I've had this recipe bookmarked for quite some time now. I absolutely love butter chicken and when I found that it is Max's favorite meal, I knew I had to get a recipe for it.

For those of you that don't know, Butter Chicken is a very popular Indian dish that is thought to have originated in New Delhi. It is typically made with chicken cooked in a Tandoor, but can be roasted or pan cooked as well. The chicken is cooked with various spices (like Garam Masala, cumin, turmeric, and chili) and a tomato butter cream sauce.

This version is quick, taking about 30 minutes to prepare, very tasty, and omits the butter, making it a healthy option when you're craving this particular dish.

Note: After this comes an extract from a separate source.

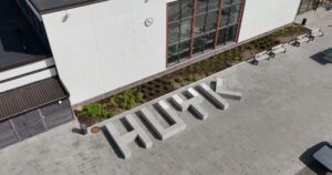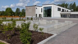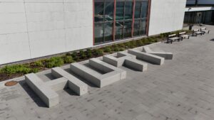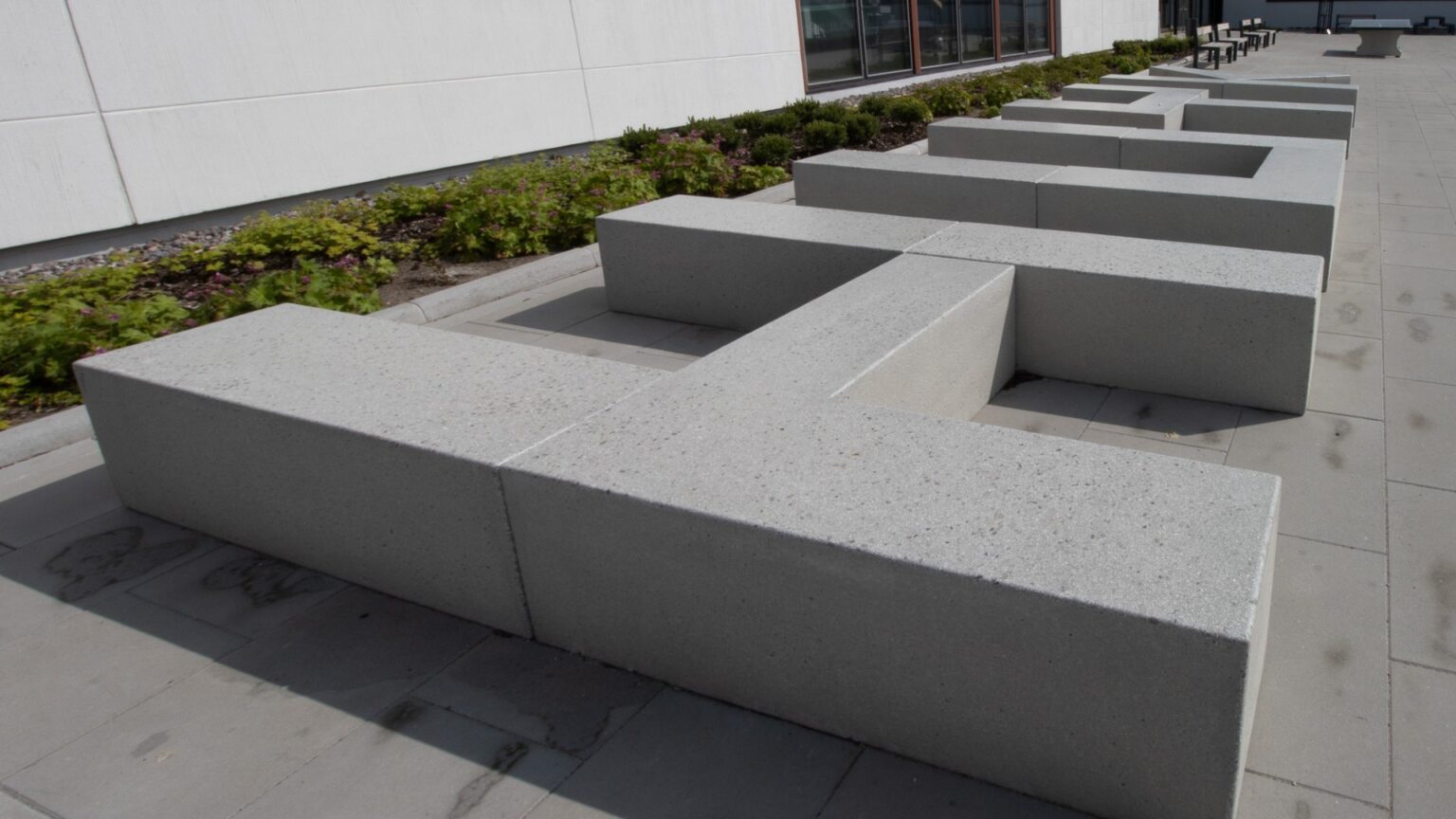 Kohteen piha-alueet suunnitellut Mirja Tervonen kertoo, että kohteeseen etsittiin eleettömiä ja selkeälinjaisia kalusteita, jotka eivät näyttäisi heti perinteisiltä penkeiltä. Tähän tarkoitukseen valikoitui Bellitalian Labyrinth-sarjan betonituotteet.

I knew I had a hit on my hands when I brought the bowl of chicken to the table and Max went crazy for it. He ended up eating three helpings! I served the chicken with brown rice and broccoli for a very healthy, filling meal.


No-Butter Chicken
From Gourmet Day to Day


Ingredients

1 Tablespoon Olive Oil
1 Small Onion, diced
2 Tablespoons Garlic, minced
1 Tablespoon Ginger
2 Tablespoons Tomato Paste
1 Tablespoon Brown Sugar
1 Tablespoon Cumin
1 Tablespoon Garam Masala
1 teaspoon Turmeric
1 teaspoon Salt
1 Pound Boneless, Skinless Chicken Breast, cut into cubes
4 oz Plain Non-Fat Greek Yogurt
1/2 Cup Water

Directions
  1. Add the oil to a large skillet and heat.
  2. Add the onion, garlic, and ginger.
  3. Cook for a few minutes, until the onion is golden.
  4. Add the tomato paste, sugar, cumin, garam masala, turmeric, and salt.
  5. Cook for 2 minutes to incorporate flavors.
  6. Add the chicken and coat completely with the spice mixture.
  7. Add the yogurt and water.
  8. Cook, while stirring, until the chicken is done (about 8 minutes).
  9. Serve over rice and/or with naan.

Yields: 6 servings (approx. 1 Cup each)

Wednesday, August 29, 2012

Wee Bites - Banana Peanut Butter Mini Muffins

I've decided to start posting about some of the food that I make for Max. Toddler food can be so much fun! It's all miniaturized and cute. I try to make his food fairly healthy. I sneak in fruits and veggies whenever possible. Like most kids, Max has a sweet tooth, so I play on that in order to get him to eat more healthy stuff.

I made these muffins for the first time this week. I've made other banana muffins for Max and he always enjoys them. These have peanut butter added in to give them a protein boost. I had some over ripe bananas that needed to be used up and with Max not eating well this week (he's cutting another molar!) I thought I could kill two birds with one stone.

I initially made these following the recipe I found to the letter. Vince ended up eating that batch. They were really really good. Then I played around with the recipe to cut the sugar and butter and I think they came out pretty awesome!

These muffins were featured in this week's Muffin Tin Monday post. They have been a huge hit with Max.


Banana Peanut Butter Mini Muffins
Adapted from All Recipes


Ingredients

1/2 Cup Unsweetened Applesauce
1/2 Cup Sugar
2 Large Eggs
1/2 Cup Creamy Peanut Butter
2 Very Ripe Large Bananas
2 Cups All Purpose Flour (can sub Whole Wheat)
1 teaspoon Baking Soda
1/2 Cup Mini Chocolate Chips
Optional: 1/2 Cup Chopped Walnuts

Directions
  1. Preheat oven to 325F.
  2. Lightly grease mini muffin tins with cooking spray, or use paper muffin liners.
  3. In a large mixing bowl, cream together the applesauce, eggs, and sugar.
  4. Add the peanut butter, bananas, flour, and baking soda.
  5. Mix well, making sure the bananas are completely mashed and incorporated.
  6. Fold in the chocolate chips (and nuts if using).
  7. Pour the batter into the muffin cups until they are about 3/4 full.
  8. Bake for 20-25 minutes, until golden brown and a toothpick inserted in the center of the muffins comes out clean.
  9. Cool the muffins on a wire rack.

Yields: 48 mini muffins

Tuesday, August 28, 2012

Broccoli Salad

I first had broccoli salad two years ago during Thanksgiving dinner with my in-laws. I know, I know. Sometimes I think I've lived a sheltered life. Anyway, a friend of the family brought it to dinner and it was a huge hit. We all asked for the recipe, which she kindly rattled off but none of us thought to actually write it down!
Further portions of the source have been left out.